An uncomplicated historical glance would have revealed that a modest, living, fermented food like real cheese had helped sustain and advance human kind across civilizations and across the globe. While a large portion of the world’s population is lactose intolerant and therefore unable to consume or potentially benefit from raw or fresh milk products; cheeses and particularly aged cheeses are an exception.
The milk sugar, or lactose is utilized by beneficial bacteria; Lactobacillus comes to mind. Along with the fats, most of which are saturated, and proteins, and through the process of fermentation; raw milk undergoes the transformation from raw milk product to cheese. As certain cheeses age, there is often less lactose present; so much so that for many – even those who are lactose intolerant and unable to tolerate fresh milk– such delicious pillows of probiotic loaded goodness can be enjoyed.
For the last half century, real cheeses have been discounted as part of a healthful approach to eating primarily because of their saturated fat and cholesterol content. While the Mediterranean diet was promoted as an ideal dietary model, the dairy aspect of this gastronomy was shoved into a corner where it lingered and mouldered.
Often unappreciated, is the historical fact that fermented dairy had a long and prominent place in ancient diets such as the Mediterranean. This is because while fresh milk can be consumed, it is quite perishable and much more valuable as a raw material. Raw milk can be turned into several products like cream, butter, yogurts, kefir, whey and cheese; all of which have a substantially longer shelf life.
Cheese reemerged from the shadows with the insights gleaned from the French paradox of the 1990s. The French, who drank wine and consumed butter, cream and over 100 different kinds of cheese, most of which are oh-so-stinky good; all these tasty bits that were verboten in the US at the time, had significantly less cardiovascular disease. It turns out it was more than the wine.

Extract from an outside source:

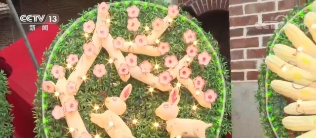 记者:在我身后的这条小巷中正在展演的是莆田地区流传千年的“舞龙弄九鲤”,画面中可以看到一支龙队和一支鲤鱼队正进行游街,走在最前面的是龙头和龙珠。在中国人心中,龙一直是祥瑞之物,人们以舞龙的方式祈求来年风调雨顺、五谷丰登,而“弄九鲤”就表达着人们对鲤鱼跃龙门的美好期盼。此时在我身后的古戏台上正在表演执羽舞,在古戏台的旁边展示了一系列富有莆田特色的元宵习俗。菜头灯是用白萝卜雕刻成各种丰富的造型,然后泡在水里保持新鲜,等到元宵节前一两天再组装成这样的大花盘用于元宵当晚的游灯。在当地甚至还有着“没有菜头灯,不成元宵节”的说法。

A dietary approach like Mediterranean style cuisine, rich in natural, wholesome, and fermented foods, has been shown to reduce generalized inflammation and stress. Oxidative stress and inflammation play major roles in the onset and development of diabetes and its precursor, metabolic syndrome. Metabolic syndrome is diagnosed by the presence of central obesity and at least two of the following four additional factors: high triglycerides, low HDL or “good” cholesterol, high blood pressure, or increased fasting plasma glucose concentration.
Data from the recent European Prospective Investigation into Cancer and Nutrition (EPIC) study examined 16,835 healthy and 12,403 diabetic participants from 8 European nations. The researchers found an inverse association between cheese, fermented dairy consumption, and the incidence of diabetes. Eating only 55 g/d total of cheese and/or yogurt was associated with a 12% reduction in the incidence of type 2 diabetes.
A new study recently released revealed that just 30 g daily of a Parmesan-like Italian cheese, Grana Padano, lowered blood pressure as effectively as the typically prescribed antihypertensive pharmaceutical. This occurred, even though the cheese contained the equivalent amount of sodium that would be found in consuming a 1 ounce serving of potato chips.
Previous studies had isolated some particular tripeptides in certain types of cheese and demonstrated a relationship to being able to lower blood pressure. These particular compounds are formed through the interaction of human gastrointestinal enzymes and the gut microbiota.
These peptide complexes have angiotensin-converting enzyme inhibiting properties. Such ACE inhibitors constitute an important class of medications that not only lower blood pressure, but are a foundation of therapy from those suffering from cardiomyopathy or congestive heart failure from a variety of causes.
Another study examined almost 20,000 participants. It examined the association between cheese consumption in various age groups and circulating concentrations of HDL or “good” cholesterol and triglycerides, a negative risk factor for cardiovascular disease. The more cheese consumed the higher the HDL and the lower the triglycerides. The researchers suggested that this was the result of the particular fatty acid composition of cheese and its inherent, probiotic, bacterial content.
The high protein and probiotic content of cheese is also believed to contribute to its almost neutral effect on plasma cholesterol. Even though cheese is high in cholesterol and saturated fat, like so many other such natural foodstuffs, its impact on blood lipids and total cholesterol is negligible. Some kinds of cheeses, namely those infected with Penicillium such as Roquefort, Stilton, or Gorgonzola, exhibit high concentrations of andrastins A, B, C, and D.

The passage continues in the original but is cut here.